The Unsung Success of CAN-SPAM
In today’s debate around Do Not Track, detractors frequently make a comparison to the CAN-SPAM Act and how it failed to stop spam. Indeed, in 2010 an average of 183 billion spam emails were sent per day, so clearly the law was thoroughly ineffective.
Or was it?
Decrying the effect of CAN-SPAM by looking at the total number, or even the percentage, of spam emails betrays a lack of understanding of what the Act was intended to do and how laws operate in general. Clearly, the Act does nothing to deter spammers in Ukraine or China; it’s not like the legislators were oblivious to this. To understand the positive effects that CAN-SPAM has had, it is necessary to go back to 2003 and see why spam filters weren’t working very well back then.
To a first approximation, a spam filter, like all machine learning-based “classifiers,” works by representing an email as a point in a multi-dimensional space and looking at which side of a surface (such as a “hyperplane”) it falls on. The hyperplane is “learned” by looking at already-classified emails. When you click the “report spam” button, you’re “training” this classifier, and it tweaks the hyperplane to become slightly more accurate in the future.
For emails that look obviously like spam, the classifier will never make a mistake, no matter how many millions of them it sees. The emails that it has trouble with are those that have some properties of ham and some properties of spam — those close to the boundary.
It is difficult for spammers to make their emails look legitimate, because ultimately they need to sell you a penis-enlargement product or whatever other scam they’re peddling. Back in the good old days when spam filters were hand-coded, they’d use tricks like replacing the word Viagra with Vi@gra. But the magic of machine learning ensures that modern filters will automatically update themselves very quickly.
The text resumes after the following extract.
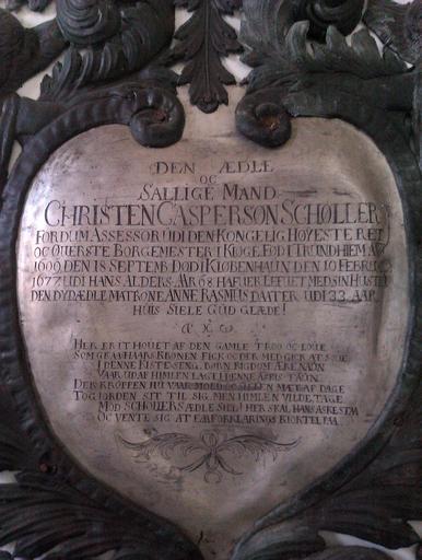 | Keywords: Christen Caspersøn Schøller (Sankt Nicolai Kirke i Køge).jpg DEN ÆDLE OC SALLIGE MAND CHRISTEN CASPERSØN SCHØLLER FORDUM ASSESSOR à DI DEN KONGELIG HØYESTE RET OC ØUERSTE BORGEMESTER I KIØGE FØD I TRUNDHIEM ANNO 1609 DEN 18 SEPTEMB DØD I KIØBENHAUN DEN 10 FEBRUAR 1677 UDI HANS ALDERS AAR 68 HAFFUER LEFUET MED SIN HUSTRU DEN DYDÆDLE MATRONE ANNE RASMUSDAATER UDI 33 AAR HUIS SIELE GUD GLÆDE own 2012-10 Orf3us Køge Kirke PD-old-100 | ||||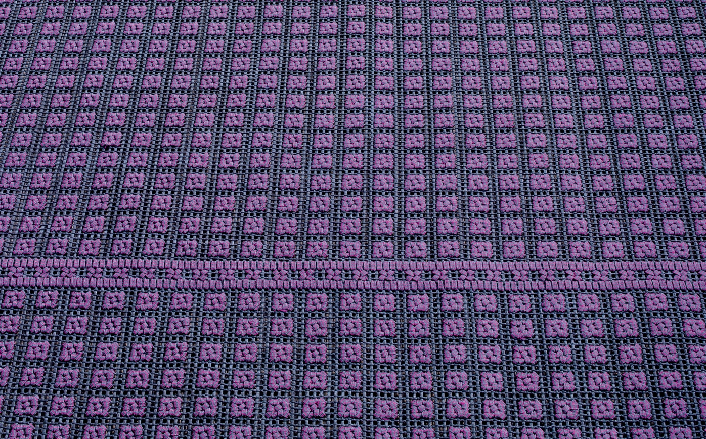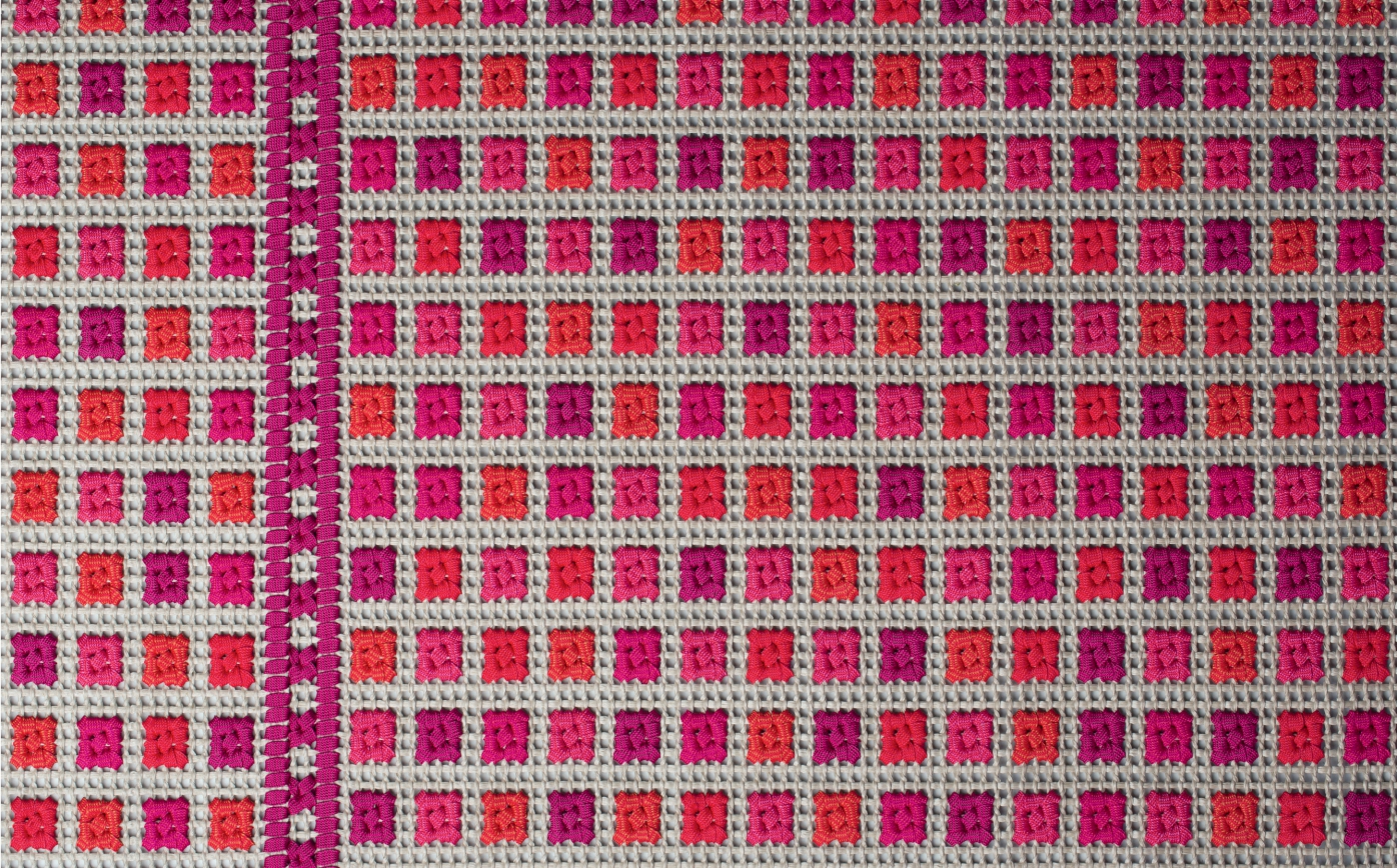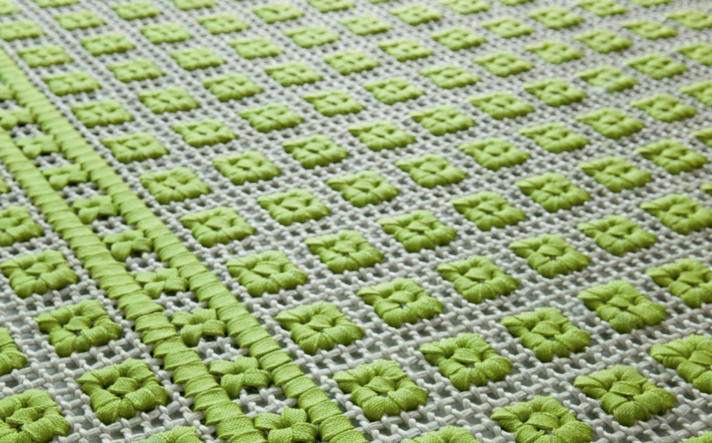 Rug for exterior and interior environment with handmade decoration. The embroidery is executed with a one- or two-colour flat braid on the backing in Kimia fabric available in sand or basalto colour. The handwork and the preciousness of the designs lead Paola Lenti to advise against the use of Orto in high traffic areas. Only one colour can be chosen.

Ham that looks like spam is much more of a problem. E-mail marketing is a grey area, and marketers will do anything they can to entice you to open their messages. Why honestly title your email “October widget industry newsletter” when you can instead title it “You gotta check this out!!” Compounding this problem is the fact that people get much more upset by false positives (legitimate messages getting lost) than false negatives (spam getting through to inbox).
It now becomes obvious how CAN-SPAM made honest people honest (and the bad guys easier to prosecute) and how that changed the game. The rules basically say, “don’t lie.” If you look a corpus of email today, you’ll find that the spectrum that used to exist is gone — there’s obviously legitimate e-mail (that intends to comply) and obviously illegitimate e-mail (that doesn’t care). The blue dots in the picture have been forced to migrate up — or risk being in violation. As you can imagine, spam filters have a field day in this type of situation.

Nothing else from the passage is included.